== Supplied information
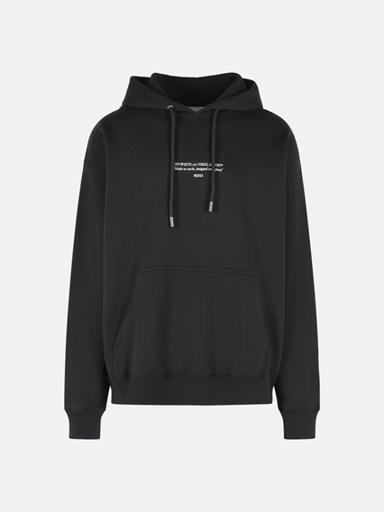 Cappuccio con coulisse, stampa frontale a contrasto, tasca a marsupio, orlo e polsi a costine, piccoli spacchi laterali
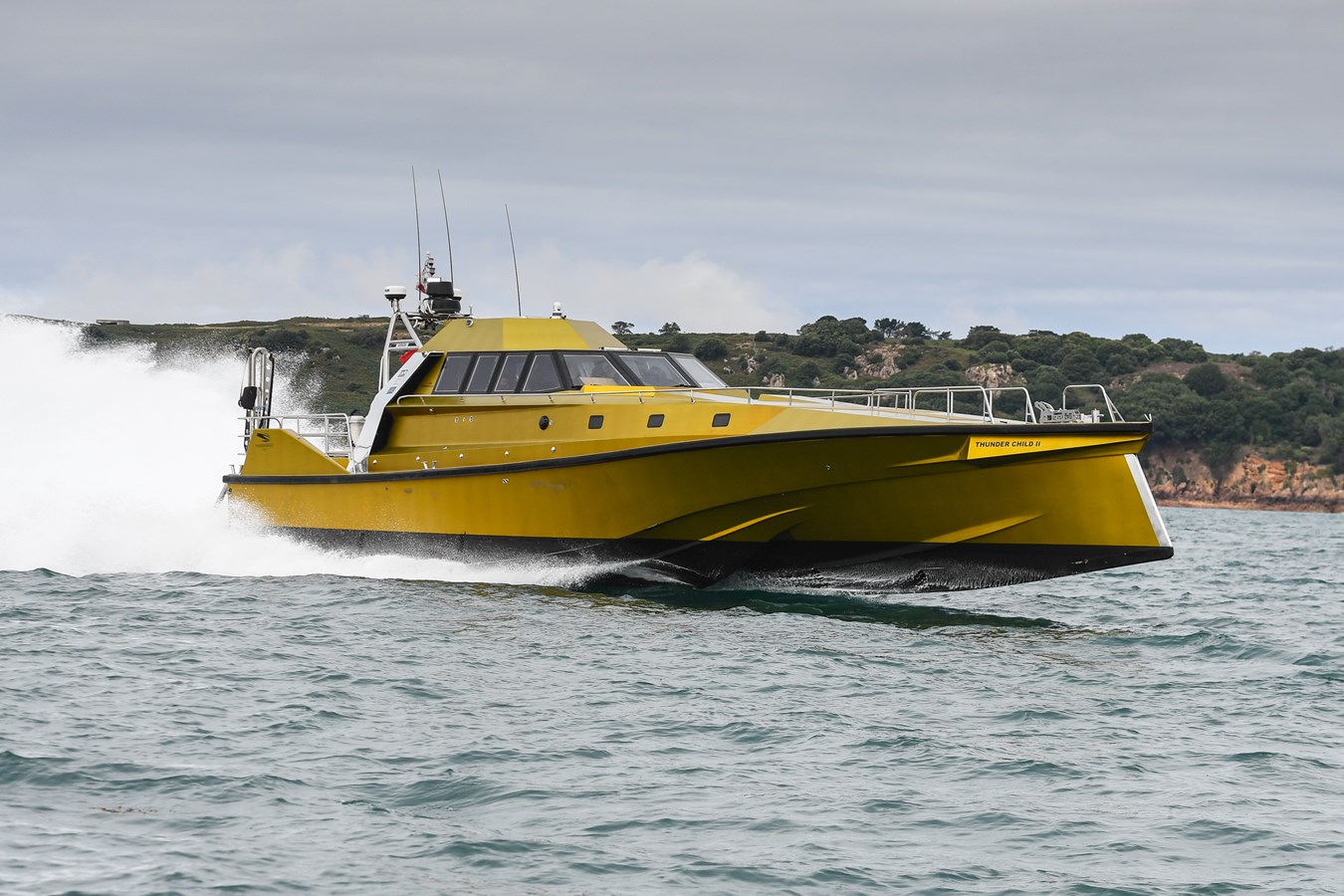 Experience the cutting edge of marine engineering with the M/Y THUNDER CHILD II, Safehaven Marine’s revolutionary XSV20. This 23-meter vessel is not just a yacht; it’s a patented hybrid marvel, seamlessly blending trimaran stability with monohull wave-piercing prowess. Propelled by powerful Caterpillar engines and an innovative hydrofoil system, she carves through waves at exhilarating speeds of up to 54 knots, offering unparalleled seakeeping and fuel efficiency. Built with military-spec composites capabilities, the THUNDER CHILD II is a record-breaking, unsinkable force designed for extreme offshore conditions and ultimate performance.
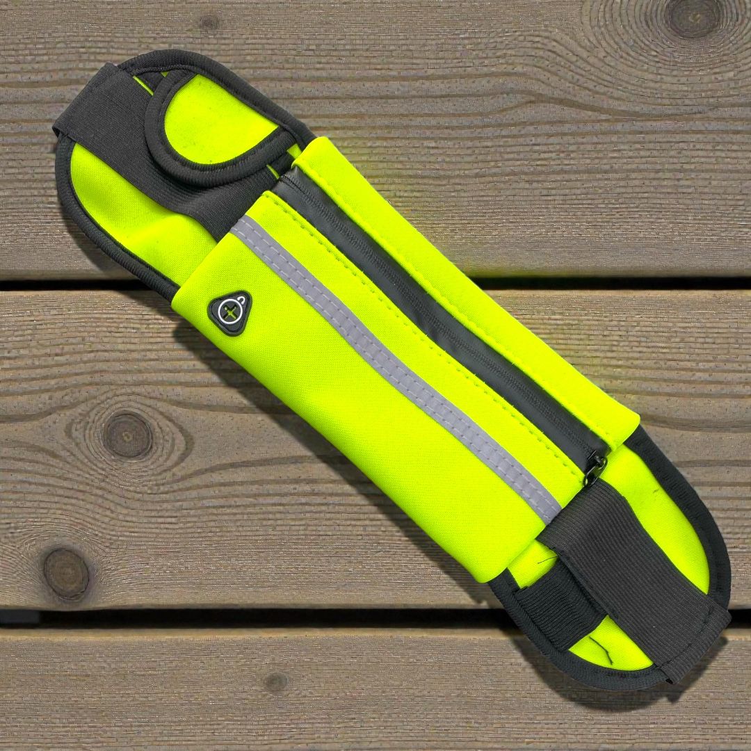 Possui compartimentos com zíper que mantêm objetos como celular, chaves, cartões e documentos bem protegidos. Seu design leve e ajuste regulável garantem conforto e liberdade de movimento durante o uso.
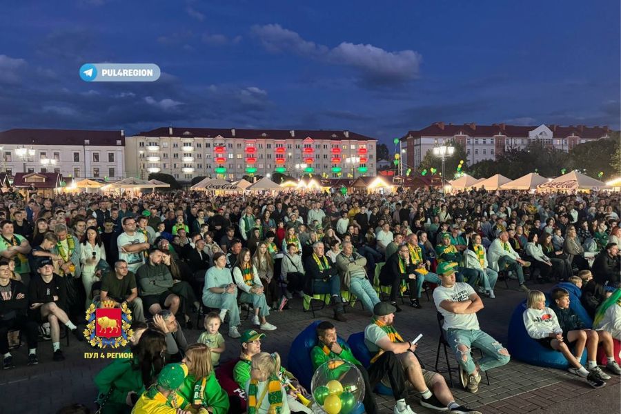 Фан-зона с большим экраном для просмотра встречи в Гродно была организована на площади Советской.
====
→ Work instruction
Quote the data above in full and without alteration; skip the pictures.

→ Your response
 Cappuccio con coulisse, stampa frontale a contrasto, tasca a marsupio, orlo e polsi a costine, piccoli spacchi laterali
 Experience the cutting edge of marine engineering with the M/Y THUNDER CHILD II, Safehaven Marine’s revolutionary XSV20. This 23-meter vessel is not just a yacht; it’s a patented hybrid marvel, seamlessly blending trimaran stability with monohull wave-piercing prowess. Propelled by powerful Caterpillar engines and an innovative hydrofoil system, she carves through waves at exhilarating speeds of up to 54 knots, offering unparalleled seakeeping and fuel efficiency. Built with military-spec composites capabilities, the THUNDER CHILD II is a record-breaking, unsinkable force designed for extreme offshore conditions and ultimate performance.
 Possui compartimentos com zíper que mantêm objetos como celular, chaves, cartões e documentos bem protegidos. Seu design leve e ajuste regulável garantem conforto e liberdade de movimento durante o uso.
 Фан-зона с большим экраном для просмотра встречи в Гродно была организована на площади Советской.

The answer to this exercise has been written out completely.